Time to first response: under 100ms. And all of it was processed inside the vehicle - no internet required.
This was the most striking moment at the Rockchip booth. Not a massive autonomous driving demo car, not a flashy NOA visualization. At the center of the booth sat small AI boards, a display, and that black terminal log screen. Overhead, a sign read: "AI Exhibition Zone."
The deeper you walked into the booth, the more clearly these small moments explained the fundamental shift underway inside China's automotive industry. AI is no longer confined to the cloud. It is coming into the car. And it isn't just a voice assistant - it is actively controlling real vehicle functions.



Why Rockchip Came to Auto China

Rockchip is a Chinese fabless semiconductor design company founded in 2001. Starting with digital audio and video chips, it has since expanded significantly into AIoT, automotive electronics, and robotics. The Hurun Report placed it among the top 10 of its 2025 China AI Top 50 ranking.
On the automotive side, Rockchip leads with SoCs like the RK3588M, RK3576M, and RK3572M - chips optimized for smart cockpits, instrument clusters, entertainment screens, HUDs, DLP systems, and in-cabin vision. The RK3588M supports driving up to seven displays simultaneously from a single chip and can also handle AVM functionality.
A Rockchip representative pointed to one of the small boards in the booth and began his explanation.
"We are a chip company, and within China we are one of the leaders in this field. We do a lot of work on the AI chip side in particular.“



The Yonghu AI Assistant demo station. The RK3576M + RK1828 board is on display; the product card on the left lists key capabilities including colloquial command comprehension, state memory, and multi-step instruction execution.

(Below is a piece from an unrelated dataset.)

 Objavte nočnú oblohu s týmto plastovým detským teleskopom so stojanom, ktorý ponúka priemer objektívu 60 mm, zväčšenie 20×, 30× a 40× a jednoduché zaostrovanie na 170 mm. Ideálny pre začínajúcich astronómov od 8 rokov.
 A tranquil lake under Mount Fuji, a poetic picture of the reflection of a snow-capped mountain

RK3576: The Sweet Spot of Edge AI

The centerpiece of the Auto China 2026 demo was on-device AI powered by the RK3576. Inside a transparent acrylic case, the actual board, heatsink, and connection ports were all exposed. A display beside it showed an HVAC control UI in operation.
Within Rockchip's lineup, the RK3576 occupies the sweet spot between performance and power efficiency. It features an octa-core CPU with four Cortex-A72 and four Cortex-A53 cores, a proprietary NPU delivering 6 TOPS, and an ARM Mali-G52 MC3 GPU. It supports 8K video codecs and operates across an industrial temperature range of -40°C to 105°C. Since its launch in July 2024, it has seen rapid adoption in edge AI, smart HMI, and multimedia signal processing.
"This part here is the AI chip. It's our latest, and the TTFT - Time To First Token - and TPS - Tokens Per Second - performance are quite good. The response speed is fast. TTFT is around the 100ms level."
TTFT is an increasingly critical metric in generative AI and LLM systems. It measures the time from when a user inputs a command to when the model delivers its first output - ultimately determining the perceived responsiveness of an AI interaction. In real-time environments like vehicle cabins, sensitivity to this figure is even greater.

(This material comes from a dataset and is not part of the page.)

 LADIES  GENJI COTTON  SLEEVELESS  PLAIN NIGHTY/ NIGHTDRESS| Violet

"Turn Off the Fan, Turn It Back On After 10 Seconds“

The most impressive moment was not the hardware specs. It was that terminal screen.
mcp_vhal-hvac_fan_speed, mcp_vhal-hvac_temperature, mcp_vhal-hvac_air_circulation - vehicle function calls scrolled in real time. On one side of the screen, the name "nanobot" appeared. This was not simple UI animation. An LLM-based command orchestration architecture was executing live.
"Let's try putting in one command. Something like: 'Turn off the fan first, then turn it back on after 10 seconds.'"
The representative ran the demo himself. The moment the command was given, the screen responded instantly. The terminal log unfolded in sequence: fan_speed level: 0 → nanobot response: "The AC fan has been turned off. It will automatically resume at level 2 in 10 seconds." → fan_speed level: 2.
"You see that? The response speed is under 100ms. Quite fast."
Natural language commands were connected directly to the vehicle function API. Looking closely at the terminal log, it became clear that nanobot was decomposing a complex instruction - set main temperature to 18°C, set secondary temperature to 25°C, set airflow direction to face, activate seat heating at level 2, enable internal air circulation - into sequential API calls and executing them one by one. AI was not simply holding a conversation. It was calling and executing real vehicle functions.
Input methods were also flexible.
"Typing works, and voice ASR works too. Both are supported."
The representative then summed up the core of the demo in a single line.
"All of this is processed internally. No internet needed."
Yonghu AI Assistant: MCP-Based In-Vehicle AI Agent Architecture
The name of the booth demo was Yonghu AI Assistant. According to the product card, the demo runs on a combination of the RK3576M and RK1828 chips, with a model based on Qwen3-4B.
What made it interesting was that this went well beyond simple voice recognition. The product card listed capabilities including understanding colloquial commands, executing complex multi-step instructions, remembering user preferences, and invoking vehicle control tools. It was described as understanding everyday expressions like "I can't stretch my legs" or "I can't see clearly ahead."
Structurally, the system connects to the vehicle's VHAL (Vehicle Hardware Abstraction Layer) via MCP (Model Context Protocol). An agent uses LLM-based natural language reasoning to directly call vehicle function APIs. Where earlier automotive voice control centered on fixed keyword recognition, the architecture has now shifted to LLM-based contextual interaction.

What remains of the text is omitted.